Thesis Organization - 以視覺為基礎之即時指揮手勢追蹤系統

Chapter 1 Introduction

1.4 Thesis Organization

Following the Introductory chapter, Chapter 2 presents an overview of existing conductor gesture tracking system. We also discuss the performances of the previous methods. Chapter 3 describes our system framework and details the algorithms we proposed for conductor’s gesture tracking. Chapter 4 is the experimental result and discussions. Finally, conclusions and future works are given in Chapter 5.

Chapter 2 Literature Review

2.1 Key Terms in Music Conducting

This section describes some music conducting terminologies for those users with no prior music experience. It is based on several conducting on-line course documents [7] and the use of Wikipedia encyclopedia [8][9].

2.1.1 Beat

In written music, beats and notes are grouped into measures. The beat of the music is typically indicated with the conductor's right hand, with or without a baton.

The hand traces a shape in the air in measure and indicates each beat with a change from downward to upward motion. The instant at which the beat occurs is usually indicated by a sudden click of the wrist or change in baton direction (as Figure 2.1).

Figure 2.1 The conductor has to “write” in the air to create different beats [9]

2.1.2 Tempo

Tempo, the Italian word for “time”, is the speed of the fundamental beat and should stay even from beat to beat. The tempo of a piece will typically be written at the start of a piece of music, and in modern music is usually indicated in beats per minute (BPM). The greater the tempo, the larger the number of beats that must be played in a minute is and, therefore, the faster a piece must be played.

2.1.3 Dynamics (Volume)

In music, dynamics normally refers to the softness or loudness a sound or note. It always be communicated by the size of the conducting gestures: the larger the shape, the louder the sound. Changes in dynamic may be signaled with hand that is not being used to indicate the beat: an upward motion indicates a crescendo and a downward motion indicates a diminuendo or decrescendo. In general, loud dynamic levels are conducted with larger beat patterns, and soft dynamic levels with small beat patterns.

2.1.4 Other Musical Elements

Time signatures are figures written on the score at the start of the composition.
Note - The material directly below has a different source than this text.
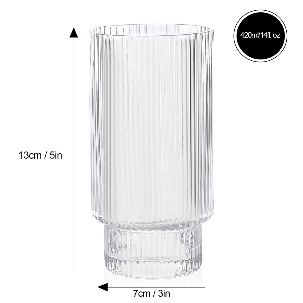 • Highball: 2.75" Dia x 5.1" H / 420ml

Each measure is assigned a meter that tells the musician how many rhythmic beats there are within the measure and what type of note equals one beat [3]. For instance, a

measure with a meter tells the musician there are two rhythmic beats in the measure

(from the “2” in the numerator) and quarter notes are the fundamental beats for this

measure (from the “4” in the denominator). The number of beats per measure and the

time signature usually stay the same from the start of a song to the end, but it may vary

on different time signature.

Figure 2.2 Two kinds of 2-beat conducting patterns [3]
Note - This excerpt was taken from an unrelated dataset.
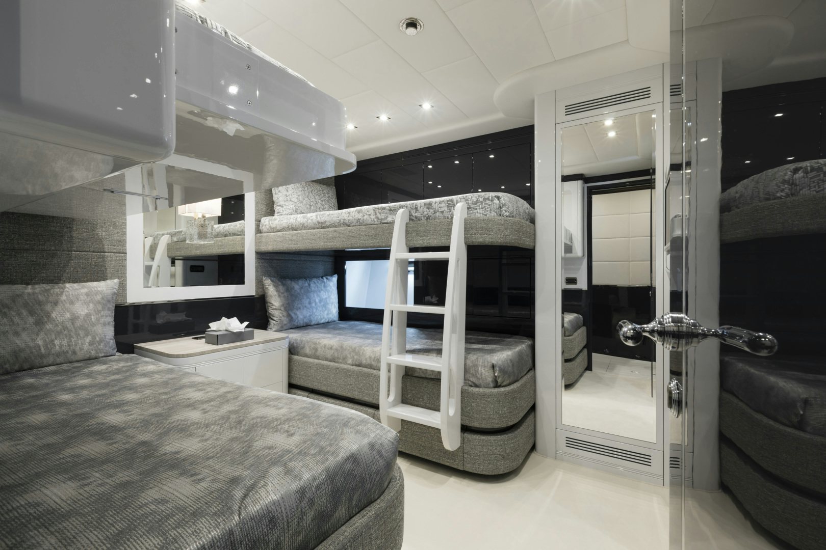 Eleven guests will enjoy restful nights at sea in the five well-appointed staterooms of charter yacht VENI VIDI VICI. The yacht’s full-beam master suite is truly an on-water retreat where relaxation is imminent. Four additional staterooms comprise three doubles and one twin with a bunk bed and a Pullman. All staterooms aboard VENI VIDI VICI offer high-quality fabrics, furnishings and accompaniments and all have en-suite bathrooms. The yacht is run by a professional crew of six who will provide the highest level of service to guests.

(a) A legato style pattern (b) a staccato style pattern

Every meter can have a range of conducting patterns depending on the style of the piece and the type of mood that the conductor is trying to present to the musicians and audience. The conductor may use flowing gestures as a means of expressing the legato style. Alternatively, a piece like a “march” that is in the same meter as the legato piece would be conducted in a much more angular manner which we called it staccato style.

These two terms legato and staccato indicate how much silence is to be left between notes played one after another.

2.2 Reviews of Conductor Gesture Tracking Systems

There are many approaches to design a system which can understand a human conductor gesture [10]. In this section, we classified these systems into two categories

in conductor’s gesture tracking. The reviews of instrumented baton will be introduced in Section 2.2.1, and the other categories of vision-based conductor’s gesture tracking systems will be mentioned in Section 2.2.2.

2.2.1 Instrumented Batons

Some approaches introduce special instrumented batons as the input of the system.

Max Mathews, who is called one of the fathers of computer music, created the first conductor’s gesture tracking system. His system, Radio Baton, consisted of two batons that omitted radio waves from their tips and a plate which was equipped with antennas to receive the signals emitted by the batons [11].

Buchla Lightning Baton Series (see Figure 2.3) is another instrumented baton that

senses the position and movement of wands and transforms this information to MIDI signals to control musical instrumentation more expressively [12]. The baton has been used in many systems, which is like Adaptive Conductor Follower [13] and Personal

Orchestra [14].

Figure 2.3 Radio Baton (left) and Buchla Lightning II (right) [14]

Besides using Lightning Baton as an input, Adaptive Conductor Follower [13]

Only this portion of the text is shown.